DIRECTIONS
The result should be an exact copy of only the lines from the one holding "2. Определите последовательность" through the last line of the data below, please, without pictures.

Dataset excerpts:
=-=-=

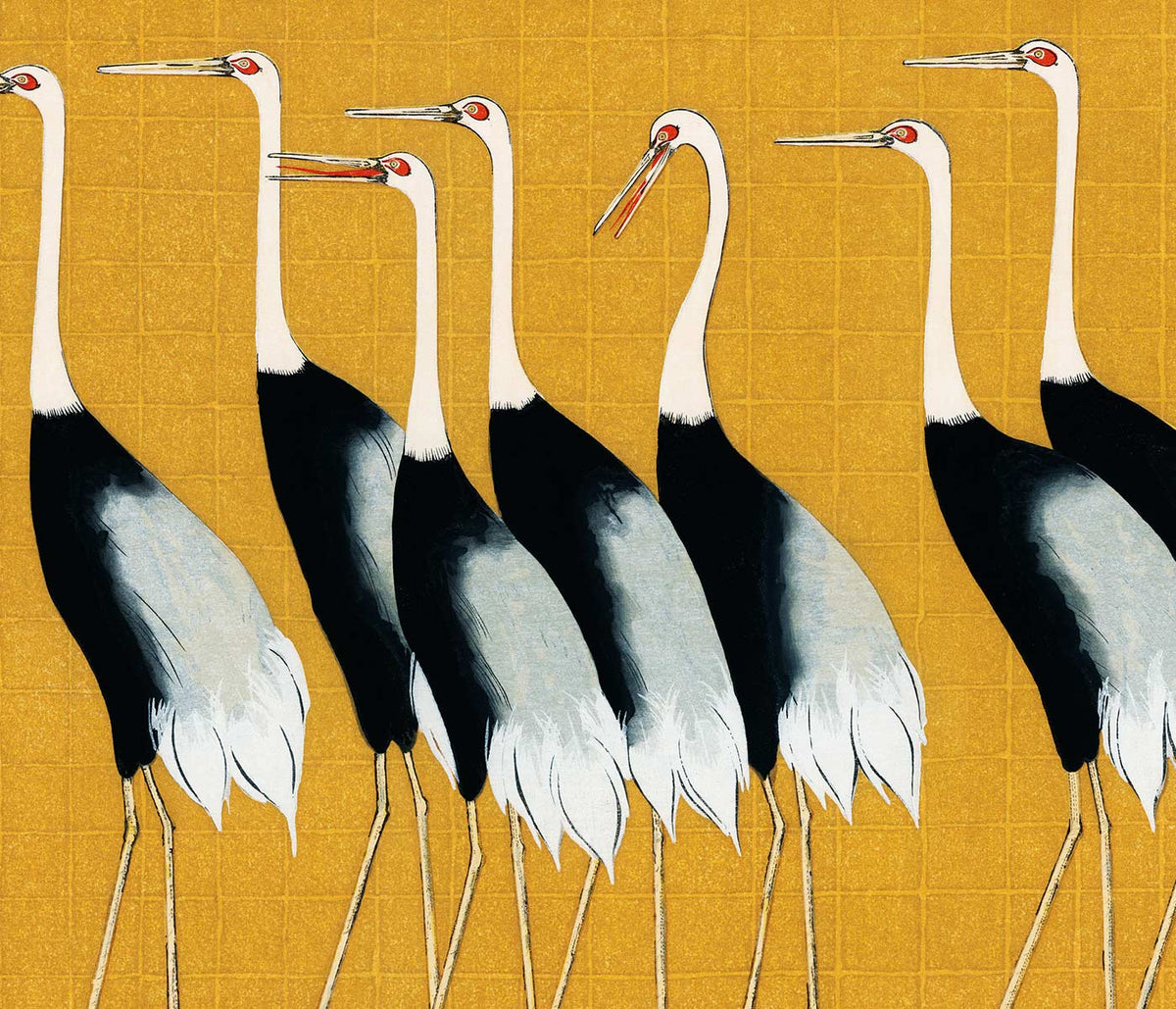 • Watercolor painting of three blue cranes titled Blue Japanese Crane by Ohara Koson and Anonymous poster, framed and displayed in home decor Watercolor painting of three blue cranes titled Blue Japanese Crane by Ohara Koson and Anonymous poster, with black aluminium frame on white background
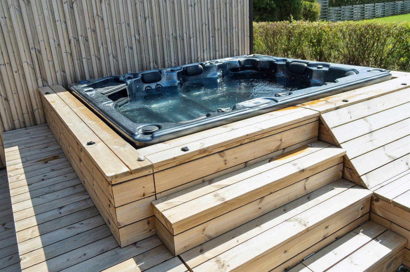 Der er mulighed for afslapning i udendørs standvandsspa til 7 personer.
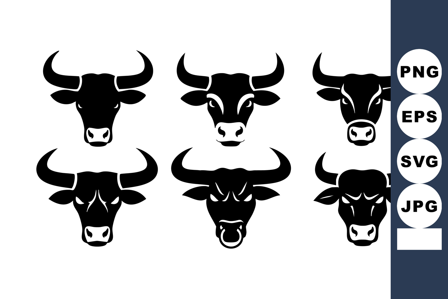 This vector illustration shows six black bull head silhouettes with different horn shapes and facial expressions in a simple flat design style. The image is bold and striking.
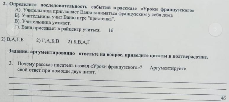 2. Определите последовательность событий в рассказе «Уроки французского»
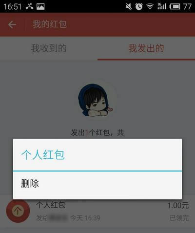 2.长按要删除的红包记录,点击【删除】。
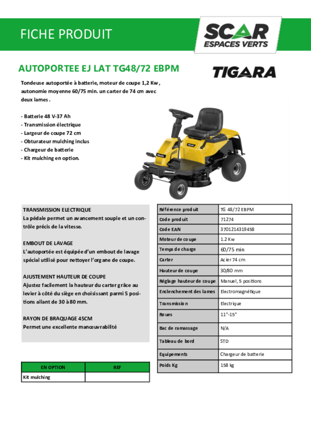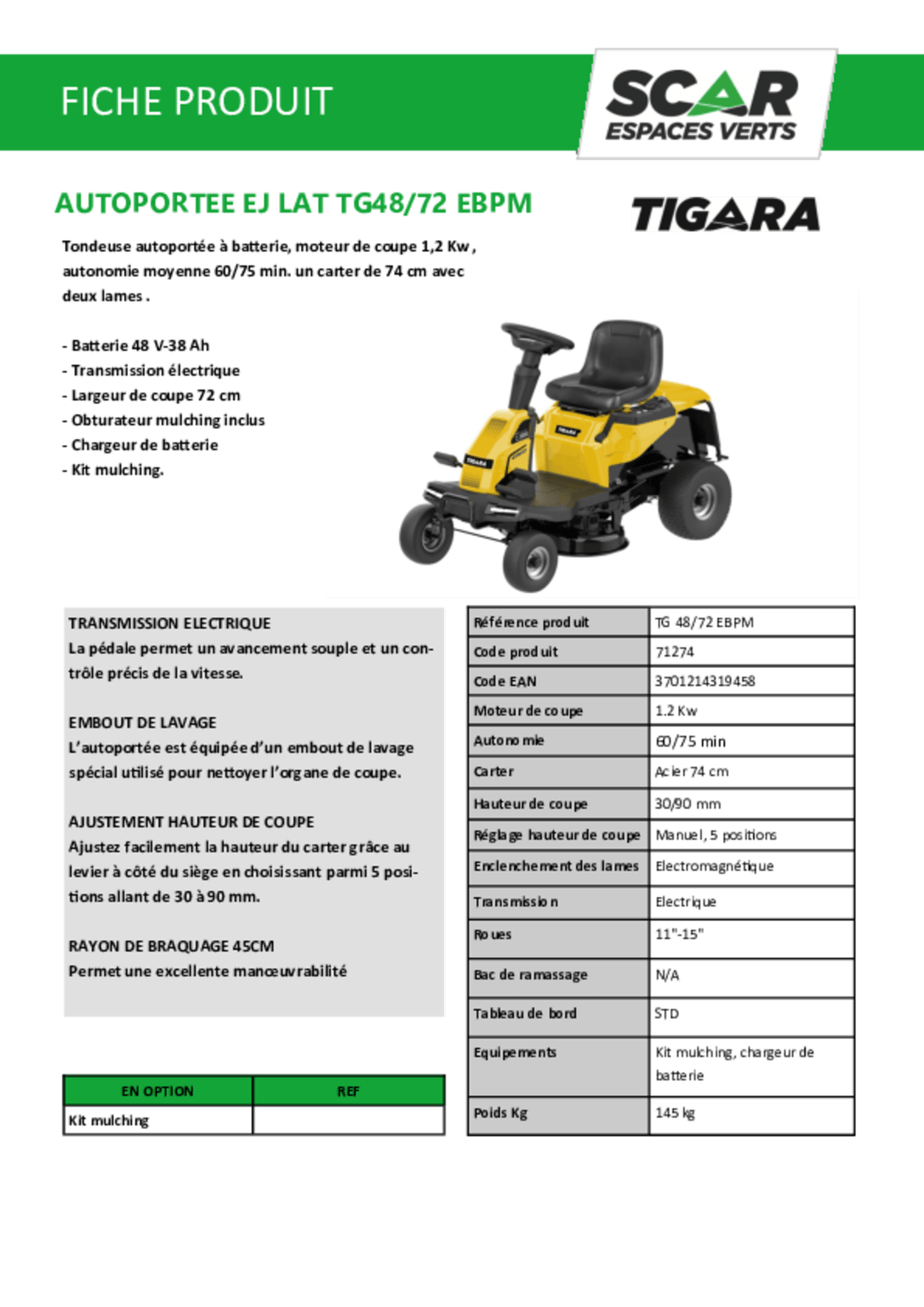 Kit mulching en option.

=-=-=

PROBLEM SOLUTION
 2. Определите последовательность событий в рассказе «Уроки французского»
 2.长按要删除的红包记录,点击【删除】。
 Kit mulching en option.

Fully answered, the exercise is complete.